Dimension of a linear space

Matrix rank

Theorem
The dimension of the column space of the matrix is equal to the dimension of its row space.

Proof

Full-rank matrix

Suppose, we have a linear space, spanned by $n$ vectors. Let these vectors be random with elements from standard normal distribution $\mathcal{N}(0, 1)$.

Q: What is the probability of the fact that this subspace has dimension $m < n$?

A: Random matrix has full rank with probability 1.

Dimensionality reduction

Johnson–Lindenstrauss lemma

Let $N\gg 1$. Given $0 < \epsilon < 1$, a set of $m$ points in $\mathbb{R}^N$ and $n > \frac{8 \log m}{\epsilon^2}$ (we want $n\ll N$).

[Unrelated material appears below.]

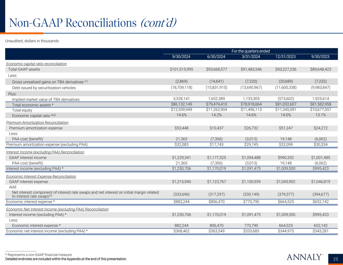 Non-GAAP Reconciliations (cont’d) 24 Unaudited, dollars in thousands * Represents a non-GAAP financial measure. For the quarters ended 9/30/2024 6/30/2024 3/31/2024 12/31/2023 9/30/2023 Economic leverage ratio reconciliation Repurchase agreements $64,310,276 $60,787,994 $58,975,232 $62,201,543 $64,693,821 Other secured financing 600,000 600,000 600,000 500,000 500,000 Debt issued by securitization vehicles 18,709,118 15,831,915 13,690,967 11,600,338 9,983,847 Participations issued 467,006 1,144,821 1,161,323 1,103,835 788,442 U.S. Treasury securities sold, not yet purchased 2,043,519 1,974,602 2,077,404 2,132,751 — Total GAAP debt $86,129,919 $80,339,332 $76,504,926 $77,538,467 $75,966,110 Less non-recourse debt: Debt issued by securitization vehicles ($18,709,118) ($15,831,915) ($13,690,967) ($11,600,338) ($9,983,847) Participations issued (467,006) (1,144,821) (1,161,323) (1,103,835) (788,442) Total recourse debt $66,953,795 $63,362,596 $61,652,636 $64,834,294 $65,193,821 Plus / (Less): Cost basis of TBA derivatives $3,333,873 $1,639,941 $1,136,788 ($555,221) $1,965,117 Payable for unsettled trades 1,885,286 1,096,271 2,556,798 3,249,389 2,214,319 Receivable for unsettled trades (766,341) (320,659) (941,366) (2,710,224) (1,047,566) Economic debt * $71,406,613 $65,778,149 $64,404,856 $64,818,238 $68,325,691 Total equity $12,539,949 $11,262,904 $11,496,113 $11,345,091 $10,677,057 Economic leverage ratio * 5.7x 5.8x 5.6x 5.7x 6.4x

Then there exists linear map $f$ from $\mathbb{R}^N \rightarrow \mathbb{R}^n$ such that the following inequality holds:

$$(1 - \epsilon) \Vert u - v \Vert^2 \leq \Vert f(u) - f(v) \Vert^2 \leq (1 + \epsilon) \Vert u - v \Vert^2.$$

Skeleton decomposition

A very useful representation for computation of the matrix rank is the skeleton decomposition and is closely related to the rank. This decompositions explains, why and how matrices of low rank can be compressed.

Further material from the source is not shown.